A very wide variety of data formats are currently used. Often these share common records in the data reported, but format differences complicate their comparison. The interoperation of different programs requires the output from one application to be reformatted so that it's suitable for input to another application. This requires programming skills that a typical user of EMBOSS does not possess, or otherwise must be done manually which is very time consuming. EMBOSS aims to mitigate these difficulties by using a standard set of report formats for application output where possible.
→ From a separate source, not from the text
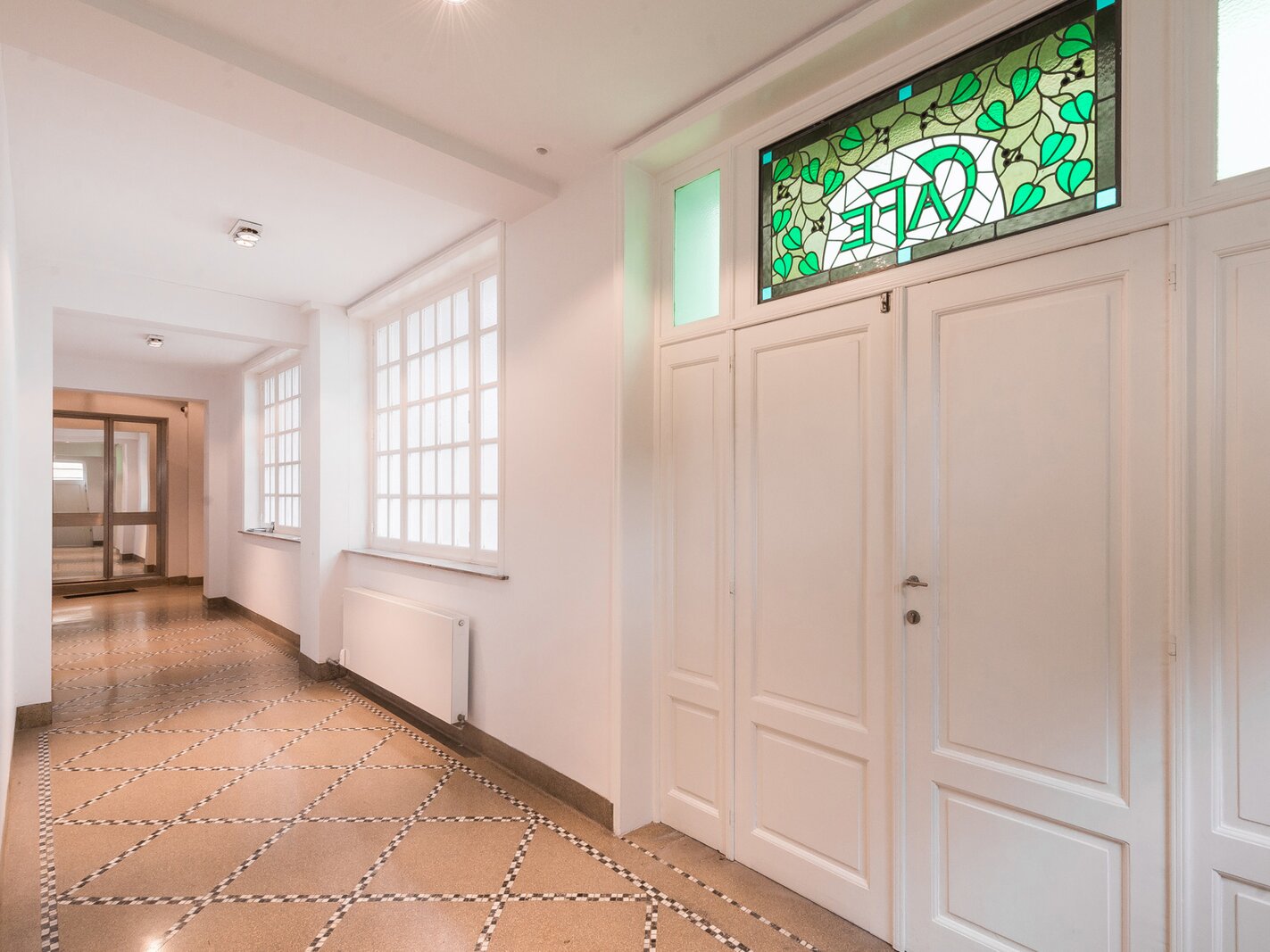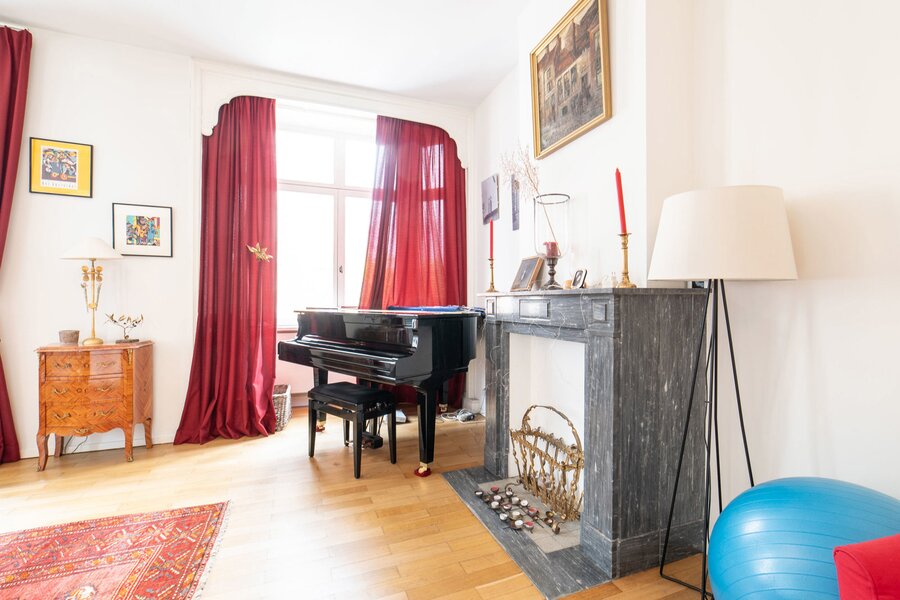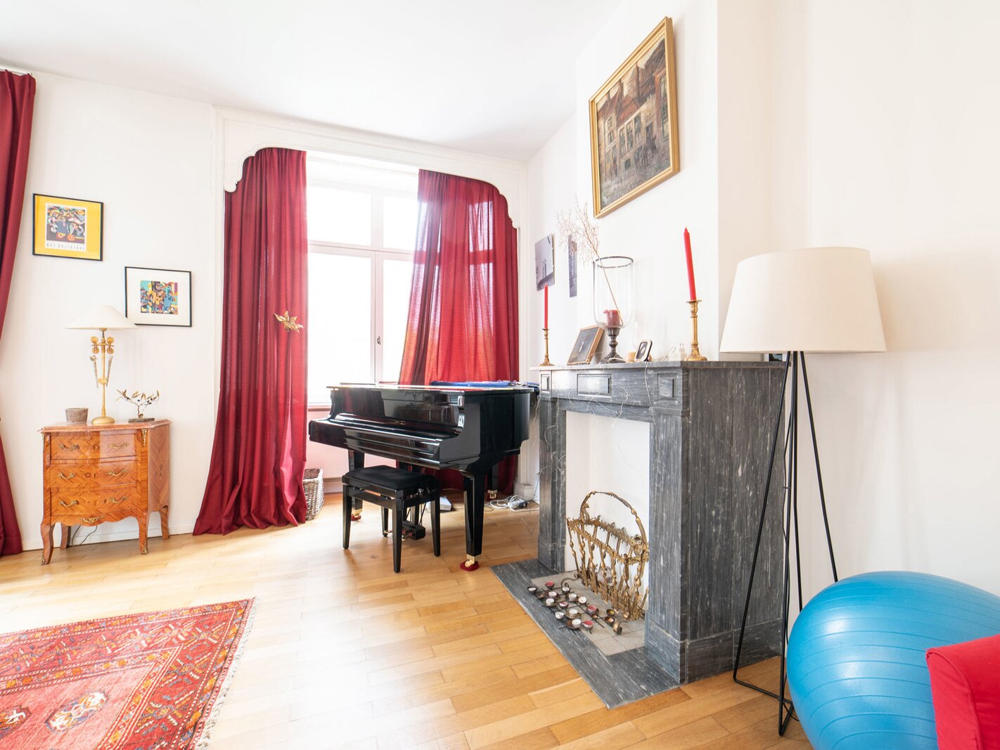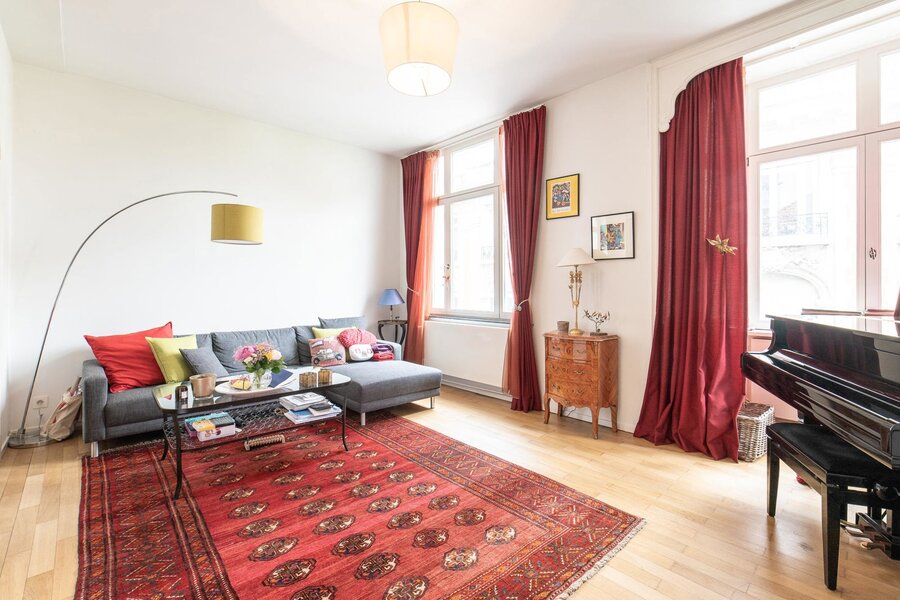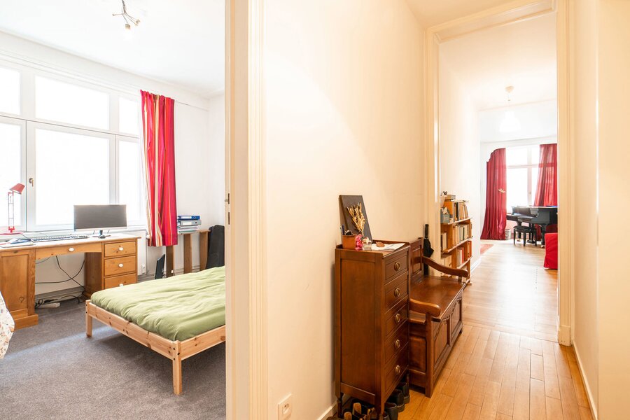 Sis dans un immeuble de caractère qui a fait l'objet d'une rénovation complète, bel appartement deux chambres et deux salles d'eau de 113 m2 (mesures PEB) offrant énormément de lumière. On y retrouve de beaux matériaux (parquet au sol), une cuisine super-équipée ainsi que deux belles chambres avec chacune leur salle d'eau.

Report formats have a consistent look and feel making it easier to compare the output from different programs. It is often convenient to have different report formats produced by the same program for different purposes. Depending on what you want to do with the result, it might be better to have a human readable report for publication purposes, or a more terse (and less-readable) report for input into another program for further analysis.
Report formats take their origin from the need to deal with EMBL, GenBank and PIR feature tables. It was therefore a natural choice to extend these to cope with other output data. All of the standard sequence feature tables (Section A.2, “Supported Feature Formats”) are also report formats. The format include:
EMBL
GenBank
GFF
PIR
SwissProt
There are other formats to cater for more than standard sequence information. The format name is the same as the program that first generated that style of output, for example "dbmotif", "diffseq" and so on. The output options are very flexible. For descriptions and examples of the supported formats see Section A.4, “Supported Report Formats”.
The supported report formats are summarised in the table below. The columns are as follows: Output format (format name), Nuc ("true" indicates nucleotide sequence data may be represented), Pro ("true" indicates protein sequence data may be represented, Header (whether the standard EMBOSS report header is included), Seq (whether the sequence corresponding to the features is included), Tags (number of specific tag-values reported. A non-zero value suggests a format is not suitable for application output that does not generate these specific tags.) Description (short description of the format).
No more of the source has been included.